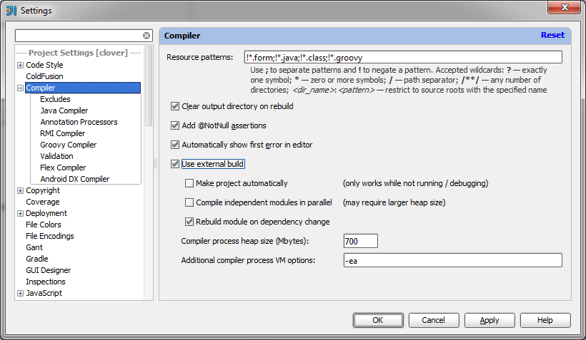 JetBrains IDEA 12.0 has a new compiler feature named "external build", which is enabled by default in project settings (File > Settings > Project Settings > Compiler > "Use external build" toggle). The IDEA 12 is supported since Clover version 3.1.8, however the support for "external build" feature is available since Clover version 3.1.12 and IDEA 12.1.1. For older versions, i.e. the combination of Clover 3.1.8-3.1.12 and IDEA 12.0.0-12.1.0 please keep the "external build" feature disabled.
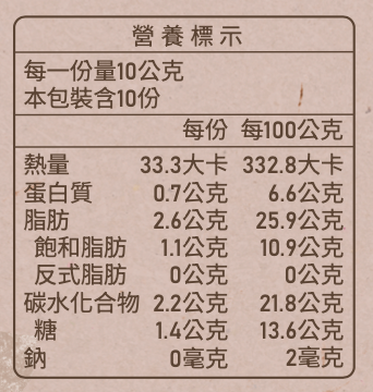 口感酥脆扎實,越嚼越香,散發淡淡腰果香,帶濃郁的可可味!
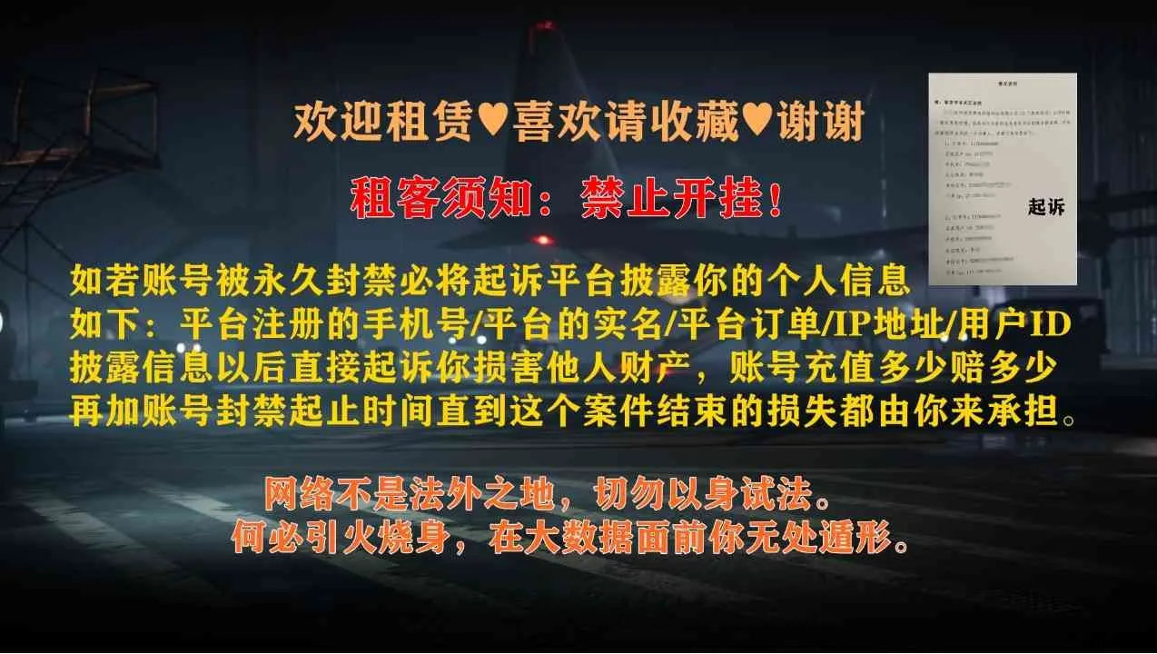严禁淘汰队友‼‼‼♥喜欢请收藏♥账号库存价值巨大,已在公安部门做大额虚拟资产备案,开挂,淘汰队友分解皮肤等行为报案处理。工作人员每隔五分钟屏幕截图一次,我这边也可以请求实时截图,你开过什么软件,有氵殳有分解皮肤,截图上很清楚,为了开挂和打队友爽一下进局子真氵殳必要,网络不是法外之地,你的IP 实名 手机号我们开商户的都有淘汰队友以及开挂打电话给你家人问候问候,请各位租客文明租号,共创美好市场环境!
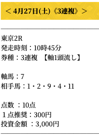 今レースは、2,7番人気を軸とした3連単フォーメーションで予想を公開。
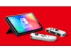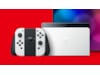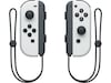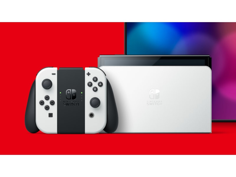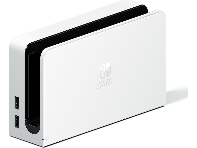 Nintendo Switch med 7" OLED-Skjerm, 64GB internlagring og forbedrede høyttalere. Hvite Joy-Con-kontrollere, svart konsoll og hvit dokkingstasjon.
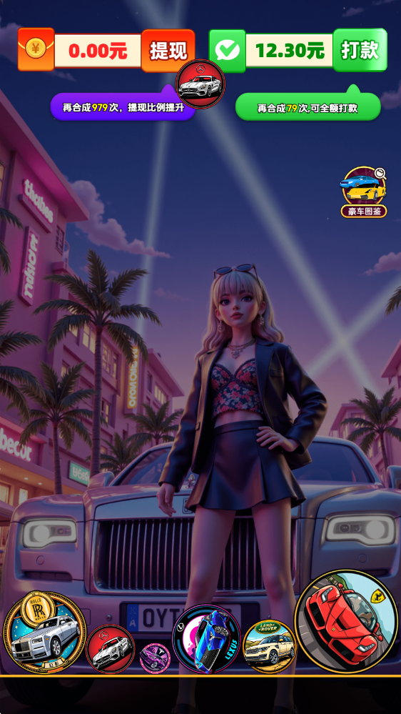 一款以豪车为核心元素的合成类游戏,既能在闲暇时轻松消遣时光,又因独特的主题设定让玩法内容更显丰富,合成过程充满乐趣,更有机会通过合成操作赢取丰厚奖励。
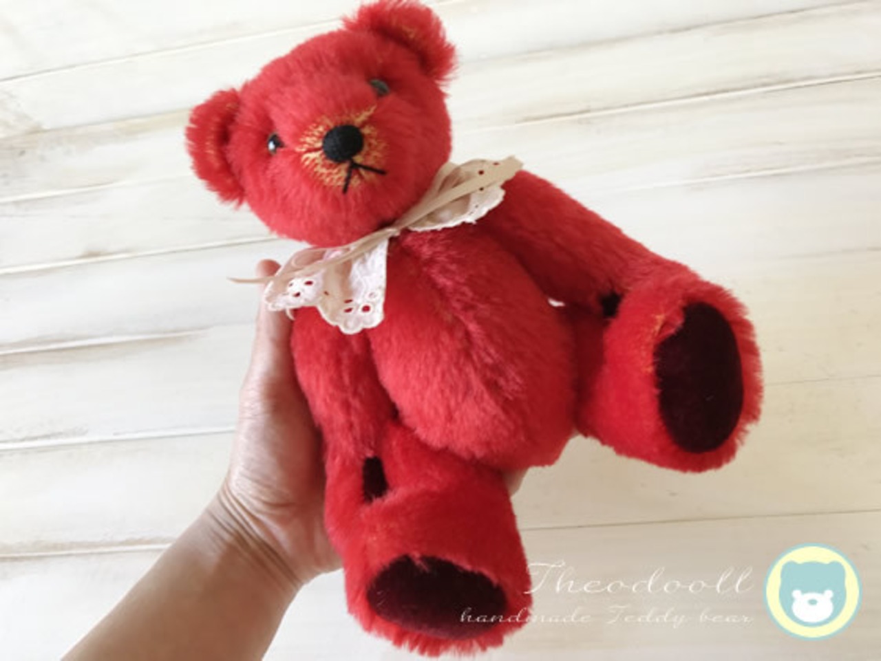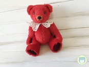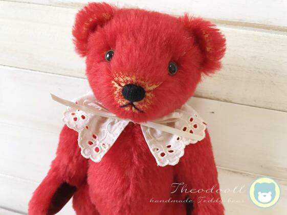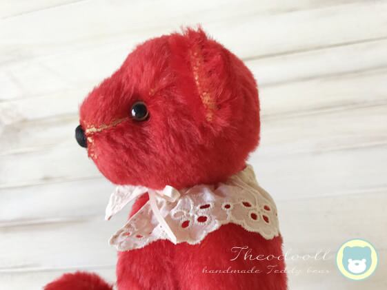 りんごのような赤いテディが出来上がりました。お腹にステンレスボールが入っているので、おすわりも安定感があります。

• Work to complete: When you reach the line with "口感酥脆扎實,越嚼越香,散發淡淡腰果香,帶濃郁的可可味!" in the records above, begin repeating the lines exactly, and stop after the line with "今レースは、2,7番人気を軸とした3連単フォーメーションで予想を公開。". Skip all pictures.

• Response to the exercise:
 口感酥脆扎實,越嚼越香,散發淡淡腰果香,帶濃郁的可可味!
严禁淘汰队友‼‼‼♥喜欢请收藏♥账号库存价值巨大,已在公安部门做大额虚拟资产备案,开挂,淘汰队友分解皮肤等行为报案处理。工作人员每隔五分钟屏幕截图一次,我这边也可以请求实时截图,你开过什么软件,有氵殳有分解皮肤,截图上很清楚,为了开挂和打队友爽一下进局子真氵殳必要,网络不是法外之地,你的IP 实名 手机号我们开商户的都有淘汰队友以及开挂打电话给你家人问候问候,请各位租客文明租号,共创美好市场环境!
 今レースは、2,7番人気を軸とした3連単フォーメーションで予想を公開。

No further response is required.